Posted by jhongny 5/9/09 14:49 Archived in Egypt Tagged tips_and_tricks Comments (2)

Family Fun, Visa Run, and getting Leh'd-up in the Himalayas

Delhi, Amritsar, Agra, and Leh (Ladakh) February 10 – 26, 2009

sunny 60 °F
View RTW Trip - Part II on jhongny's travel map.

Ashok has to be the first Indian citizen to attempt a Round-the-World trip. I don't see how it's possible given all the idiosyncratic rules of all the countries. Ashok had to get visas for all 24 countries on our trip except for India and Aruba (only because he has a US green card). In comparison, I only needed to get 5. We got most of the visas in the US, and figured we'd get the rest in India since it's a midway stop for us. Luckily it worked out that way as most countries only take visa applications from country of citizenship or residency (something we found out later at the expense of not going to Morocco). Otherwise we would've been really screwed and would have had to end our trip a lot earlier.
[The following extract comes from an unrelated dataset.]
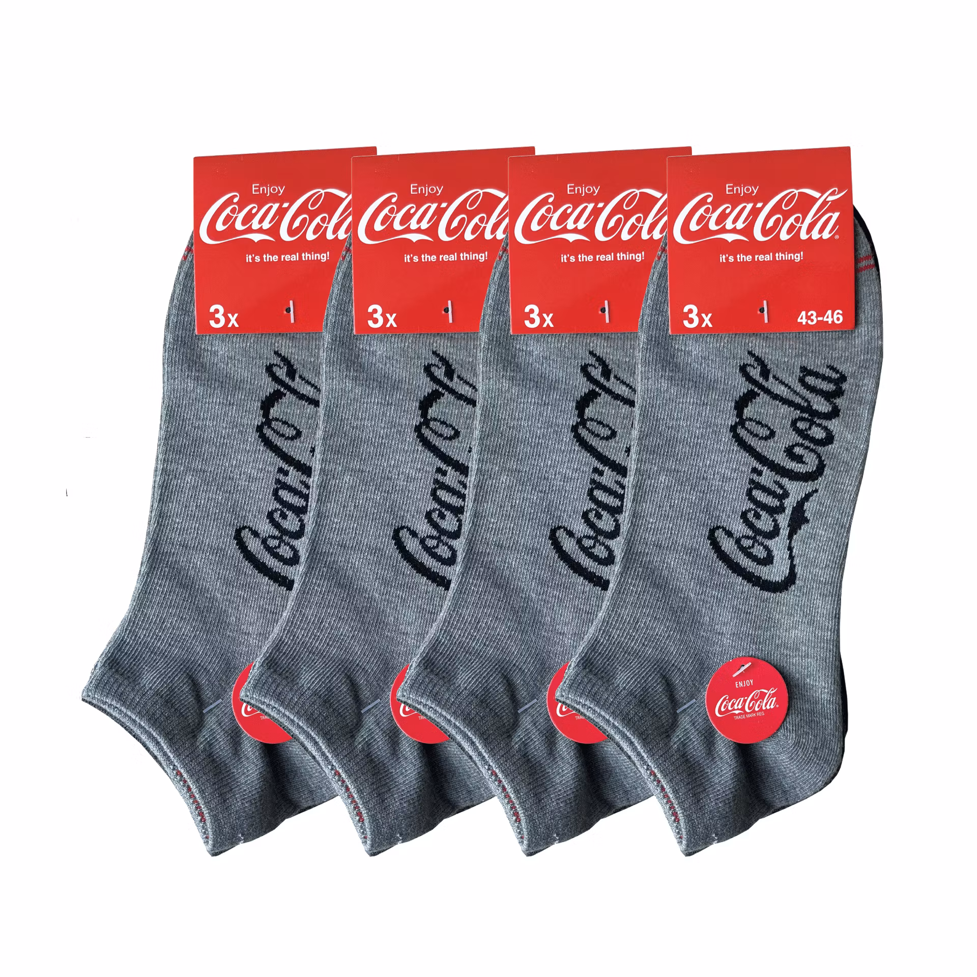 Coca-Cola, 12-par Grå/ Svarta ankelstrumpor 39-42, 43-46

The idea of spending a couple of weeks in New Delhi just for the visas was not very appealing (Ashok had no friends or family in Delhi, and there's only so much there to see), so we devised this plan to see sights that were within an easy train ride from Delhi. It also turned into a big family trip as both my mom & sister and Ashok's parents flew in to join us. It was nice to have this extra time with them, and made these side trips and our time in Delhi more fun.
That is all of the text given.